Wells Fargo's profit rose in the second quarter as it set aside less money to shield for potential bad loans.
But the San Francisco, California-based bank today cut its expectation for annual interest income.
Wells Fargo expects its interest income to be roughly in line with 2024 level of $47.7 billion, it said. In April, the bank had forecast NII growth would be at the low end of the 1% to 3% range.
Analysts and investors were skeptical about Wells Fargo's ability to meet its targets for interest income after a slow start to 2025.
The bank had expected its net interest income (NII), or the difference between what it earns on loans and pays out on deposits, to be relatively stable in the first half of 2025, with more growth in the second half.

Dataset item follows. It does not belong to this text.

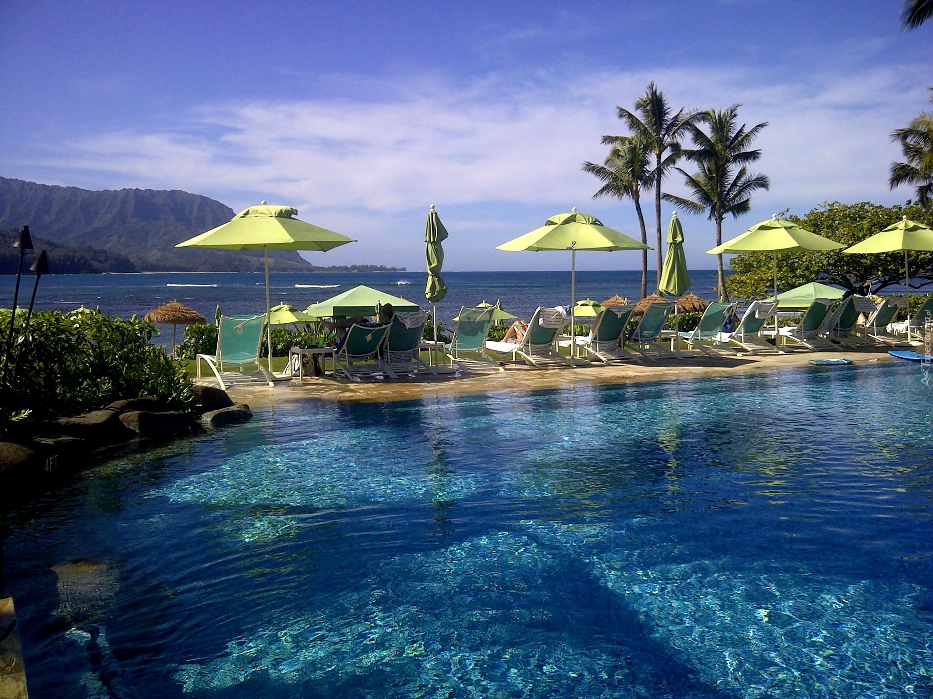 Edytor tapety: Morze, Palmy, Leżaki, Parasole, Basen, Wakacje

Heading into the results, some analysts had expected the bank to cut its NII forecast as elevated interest rates weighed on demand from borrowers.
Meanwhile, provision for credit losses fell to $1.01 billion in the quarter from $1.24 billion a year ago.
Consumers and businesses have continued to repay loans, allaying concern that shifting US trade policies would trigger a recession. Still, uncertainty around the economic outlook persists.
Wells Fargo executives have previously said their efforts to tighten credit over the past couple of years should help the bank to weather a potential economic downturn.
The fourth-largest US lender's net income was $5.49 billion, or $1.60 a share, in the three months ended June 30, it said today. That compares with $4.91 billion, or $1.33 a share, a year earlier.
Last month, the US Federal Reserve lifted Wells Fargo's seven-year-long $1.95 trillion asset cap, allowing the bank to pursue unimpeded growth.
Wells Fargo has been focused on fixing its regulatory problems in recent years. While it laboured under a $1.95 trillion cap asset cap, rivals expanded.
With the asset cap lifted and regulatory issues largely in the rearview mirror, Wall Street analysts expect Wells Fargo to attract more investor interest as its profits grow.
CEO Charles Scharf has said the bank will expand carefully.
Wells Fargo is likely to beef up its wholesale businesses by adding market share in commercial banking, corporate and investment banking and trading.
The bank has closed seven regulatory punishments, known as consent orders, this year and 13 since 2019. It still has one remaining consent order from 2018.